Hostile air bases in the protected valleys lying at the head of deep fjords in East Greenland cannot be destroyed by surface vessels alone. The steel ships of our modern Navy could not even reach them. The ice conditions render operation of steel ships extremely hazardous in arctic waters. If our Navy possessed its wooden ships of a century ago the problem would be different. Wooden ships can be calked from the inside. But we no longer possess those wooden ships. The Nazis, on their part, have a wooden navy designed especially for arctic operations. The small wooden sealing and fishing vessels seized by the Nazis in their conquest of Norway give them a very considerable advantage respecting Greenland operations which our naval forces do not at present possess.

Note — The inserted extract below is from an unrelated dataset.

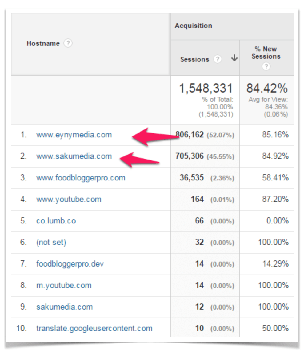 I checked in with some developers, a consultant, our hosting company, and even asked on the Google Forums, but came up empty in troubleshooting what was going on. That’s when FBP team member Raquel dug into the analytics and found that the issue was coming from two sites that were scraping FBP’s blog.
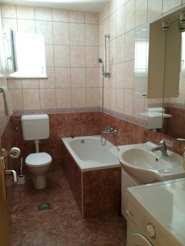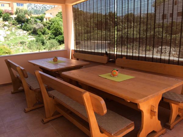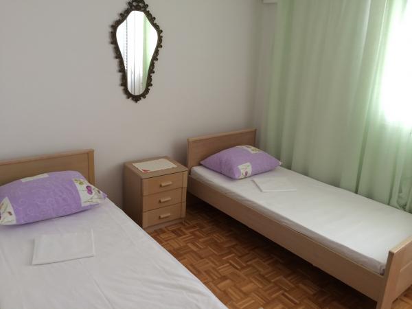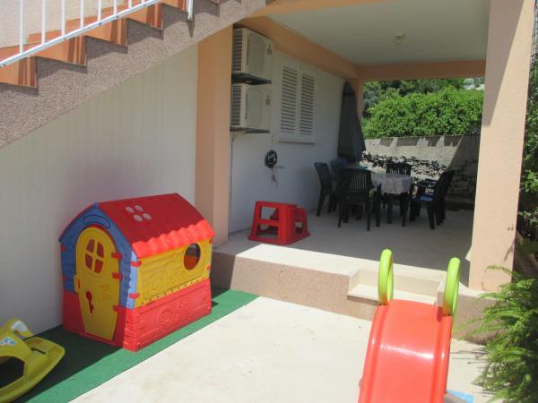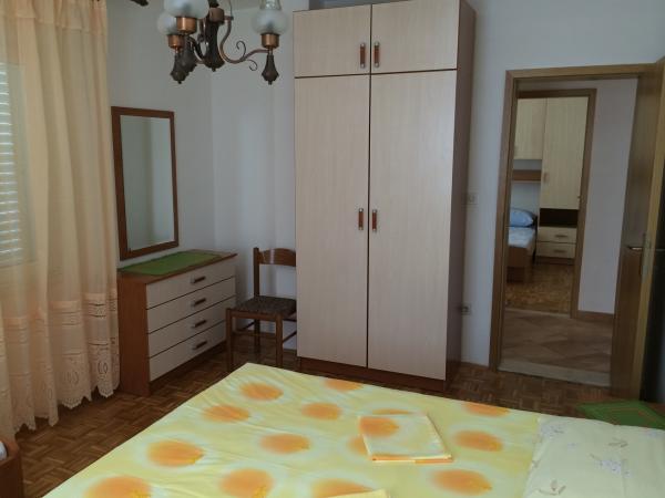 V rodinném domě je velký byt. Je plně vybaven. Má samostatný vchod a parkoviště. Dům se nachází dvě minuty chůze od pláže, moře, obchodu a banky. Apartmán (8+2) se nachází v prvním patře a skládá se ze čtyř ložnic (dvě třílůžkové a dvě dvoulůžkové), velké kuchyně, dvou koupelen s WC (jedna má pračku), velkého balkonu a velké terasy. Byt je vybaven klimatizací (velká klimatizace instalována na chodbě), Wi-Fi internetem, mikrovlnnou troubou, sporákem, troubou, myčkou, pračkou, velkou lednicí, veškerým potřebným nádobím a ložním prádlem. Ložní prádlo se mění jednou týdně. Daň, Wi-Fi, parkování a používání klimatizace jsou zahrnuty v ceně pronájmu.

The Nazis can, and probably will, establish air bases in East Greenland from which their Luftwaffe can harass North Atlantic shipping. They probably planned East Greenland bases at the same time they planned their Deception Island base in the Antarctic. They undoubtedly planned such bases with a knowledge of conditions based on long observation, checked with meteorological and other data obtained in Oslo and Copenhagen after their conquests of Norway and Denmark.
The character of the Greenland Sea is such as to permit the servicing of those bases from Bergen, Trondheim, Narvik, and Tromso without undue hazard. It was not mere peradventure which permitted the German liner Bremen to slip through the waiting British patrol and reach Murmansk at the outbreak of the war. Nor was it entirely the hide-and-seek character of the Greenland Sea. Mists are effective smoke screens for vessels seeking to avoid detection, and the Greenland Sea is the most mist-shrouded of all the Seven Seas. The work of the German herring fishery patrol, operating out of Reykjavik in Iceland as long ago as 1930, had something to do with the Bremen’s escape. The waters of East Greenland, which are a blank on the British Admiralty charts, were charted minutely by the Nazis long before the outbreak of hostilities in 1939. That fact was well known to Norwegians visiting those shores in their sealing vessels, but seemingly it was not given official credence by those governments most interested.

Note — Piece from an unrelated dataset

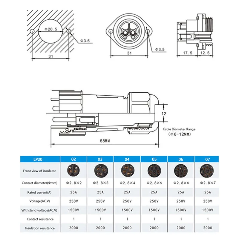 «LP/SP20 IP68 Waterproof Flange Connector 2 3 4 5 6 7Pin Male Female Plug And Socket Screw Crimp Aviation Cable Connector» по лучшей цене на рынке! Всего за 7$ (665рублей)

To detect Nazi supply ships servicing Nazi air bases in East Greenland, aircraft will obviously prove more serviceable than surface ships. They can scout a given area in a fraction of the time. Witness the finding of the Bismarck. The tell-tale smoke and, in calm weather, the surface trails of evasive Nazi supply vessels can be detected even through low lying mists from the air. And mist over floe ice is for the most part low lying. While pack-ice and bergs abound in the coastal waters of East Greenland, the ice of the Greenland Sea west of Spitzbergen is principally floe ice from May until November. The winds and currents keep it broken up. The Gulf Stream coursing northward up the east coast of Iceland and the west coast of Norway to Spitzbergen, and bending farther westward to be met by the south-bound polar currents, keep it from packing.
It must be borne in mind that land- planes are now and always have been faster and more effective than seaplanes, or those based on aircraft carriers. In the Greenland Sea the role of seaplanes is seriously handicapped by reason of the ice. Furthermore they would be at the mercy of the faster enemy landplanes. The war in Crete has shown that.
Land-based planes are engineered for high landing speeds, while ship-based planes must of necessity be designed very differently. Ship-based aircraft must be set down on the relatively short deck of the aircraft carrier. The hook devices used in carrier landings often cause a severe wrench. Ship-based planes of a consequence sacrifice speed for sturdiness.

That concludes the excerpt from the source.